Evolution at range boundaries
What ecological and evolutionary factors limit the edges of local species distributions? Patchy annual grassland plant populations are easily identified in rangeland landscapes and can shift or appear in relatively constant locations from year to year. These range boundaries present excellent opportunities to examine local constraints on populations over short spatial and temporal scales. Maureen Stanton and I, in the Department of Evolution and Ecology at UC Davis, are examining the local scale ecological and evolutionary constraints on the distribution of the annual plant Gilia tricolor, or Bird’s eye, at the McLaughlin Natural Reserve in the California Coast Range. Our objective is to understand how environmental and genetic factors affect local expansion of plant species’ ranges, including how range expansion in plants may be influenced by adaptation and by dispersal of dormant seeds beyond those boundaries. Understanding the mechanisms that control species’ range boundaries, be they local or regional, is important to understanding the spread of invasive species, the limitations of native species, and the potential changes in range distributions that is likely under climate change forecasts. We are also working with collaborator Richard Gomulkiewicz at Washington State University to develop theoretical models based on our field data to explore the role that seed dormancy plays in setting this local population boundary.
In a paper published this month (Moore and Stanton 2014), we show that conservation of a local range boundary of the annual plant Gilia tricolor is fostered by spatial and temporal variation in selection.

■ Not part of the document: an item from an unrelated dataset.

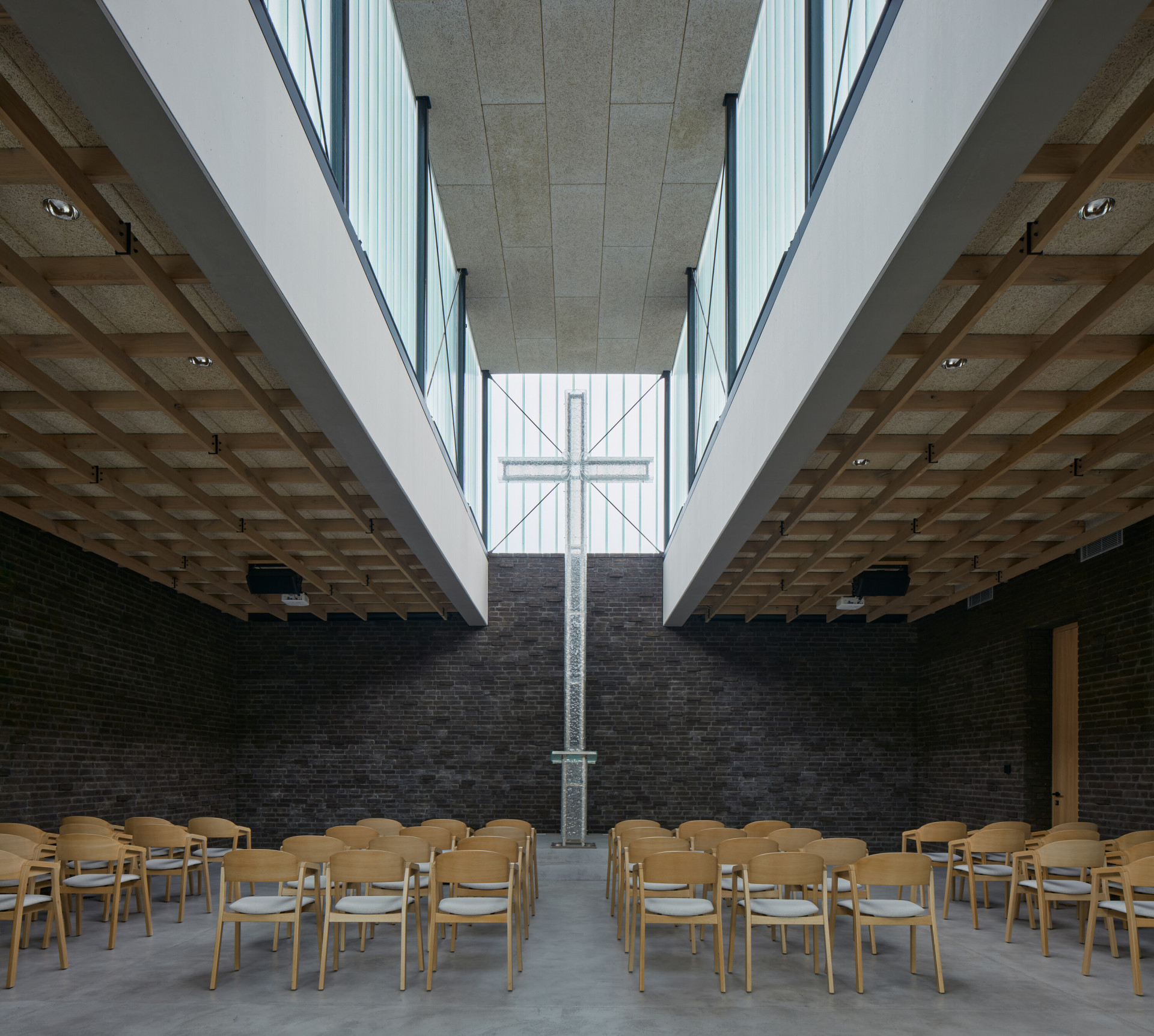 Co se týče materiálového zpracování objektu, v exteriéru nejvíce zaujmou lícové cihly fasád, přiznaná železobetonová pergola a profilitový světlík. Cihly našly své uplatnění také v interiéru. „Kladení cihel v sále modlitebny symbolizuje pulzaci života – směrem k pomyslnému středu, ke kříži, se cihly shlukují, opačným směrem řídnou, sublimují,“ popisují autoři návrhu.

Are grassland annuals niche limited?
Also, with Susan Harrison, I have studied factors that contribute to the fluctuating boundaries of patches of Lupinus nanus, another California grassland native annual. I found that variation in soil moisture, seed availability, seed dormancy, and variable competition with exotic species all contribute to the shifting patterns of L. nanus patches over time (Moore 2009). We also found that suitable unoccupied sites for two native annual species were most likely to be found in areas near to existing populations, rather than far from patches (Moore et al. 2011). This suggests that at least some native species are locally dispersal limited and that edaphically suitable habitat is spatially clustered. These studies, and other work that I conducted with Sarah Elmendorf, now at NEON, generated my interest in seed limitation and my curiosity about how the ability to identify seed limited sites maybe used in a restoration context. With Susan Harrison and Howard Cornell I am continuing to explore how species interaction limit their realized niches through a (nearly) 10-year old experiment on three tarweed species (Harrison et al. 2010). For our next manuscript following the 2015 field season, I will model demographic performance of each species in all three niches, the compare the predicted lambdas with long-term abundance in 80 grassland research sites to determine if there is evidence for source sink dynamics across the range of habitat suitability.